Colon and rectal cancers are frequently combined in clinical and experimental setting, as these cancer types appeared to be very similar on genomic level (Frattini et al, 2004; Cancer Genome Atlas Network, 2012). However, whether colon and rectal cancers should be considered as a single entity has often been debated. In the present study, high EGFR expression was associated with poor OS of colon cancer patients but not rectal cancer patients. This lack of prognostic value in rectal cancer patients may be explained by alteration differences in rectal cancer of genes influencing the EGFR/PI3K axis, such as PTEN, of which it has been shown that these affect survival of rectal cancer patients, but are not associated with survival in colon cancer patients (Bohn et al, 2013). PTGS2 expression was associated with poor survival in both colon and rectal cancer patients.

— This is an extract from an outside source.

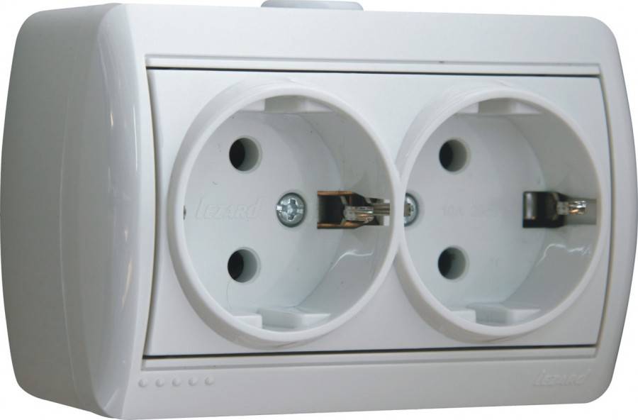 Внутренняя двойная розетка монтируется практически вровень со стеной. При этом сама конструкция и контакты розетки находятся в стене. Накладная розетка выступает над стеной и монтируется непосредственно на нее.
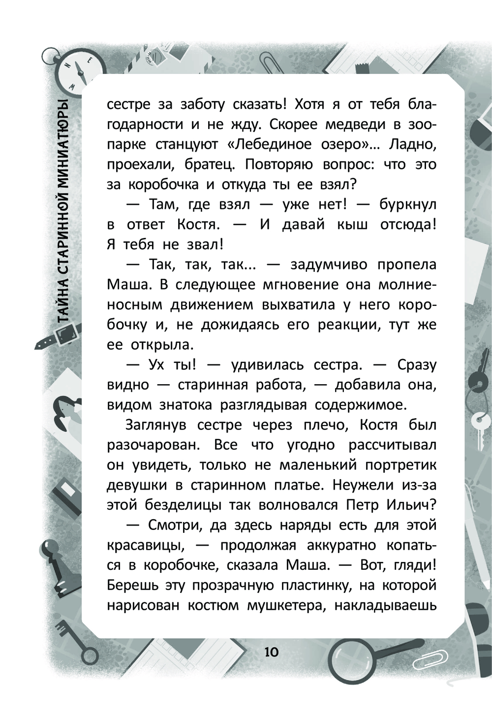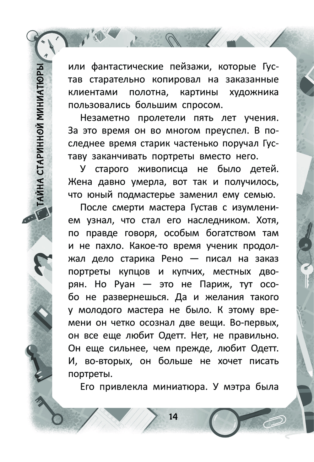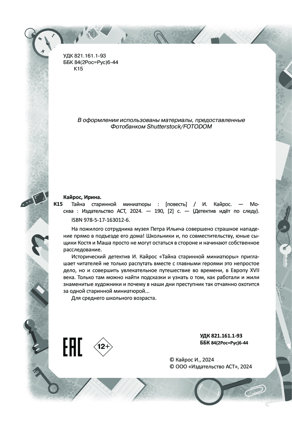 Исторический детектив И. Кайрос "Тайна старинной миниатюры" приглашает читателей не только распутать вместе с главными героями это непростое дело, но и совершить увлекательное путешествие во времени, в Европу 17 века. Только там можно найти подсказки и узнать о том, как работали и жили знаменитые художники и почему в наши дни преступник так отчаянно охотится за одной старинной миниатюрой...

We also examined the correlation of protein expression between primary CRC and corresponding CRCLM, as alterations present in the primary tumour are frequently also present in the corresponding metastases (Stange et al, 2010; Knijn et al, 2011). Although PTGS2 expression in CRCLM was correlated to its expression in patient-matched primary tumours (P=0.02), this was not the case for EGFR expression (P=0.51). Similar differences in EGFR expression between primary CRC and CRCLM have been reported by others and could be explained by an increase of genetic alterations commonly detected during tumour progression and metastasis (Diep et al, 2006; Yarom et al, 2010). The correlation between PTGS2 expression in primary CRC and CRCLM may indicate that protein levels in CRCLM are to a certain extent predetermined by molecular alterations present in the primary CRC. Although predicting PTGS2 expression in CRCLM from its expression in the corresponding primary tumour may seem appealing, one should be cautious as still 30.8% of PTGS2 expression scores of CRC-CRCLM pairs were discordant. The primary CRC-CRCLM correlation observed for PTGS2 expression, and the lack of it for EGFR expression, suggests that the role of PTGS2 expression in early colorectal carcinogenesis is more prominent than that of EGFR expression. This is in accordance with earlier findings that identify alterations of PTGS2 expression as early phase events and relate changes in EGFR expression to later stages of cancer development (Charalambous et al, 2003; Attolini et al, 2010).

In conclusion, EGFR and PTGS2 expressions are prognostic biomarkers for patients with resectable CRCLM, predominantly in patients not treated with systemic therapy. Further research is required to fully characterise the impact of these and other molecular alterations, such as mutation status of the predictive biomarkers KRAS, BRAF and PIK3CA (Tougeron et al, 2013), and establish optimal treatment for individual patients with CRCLM.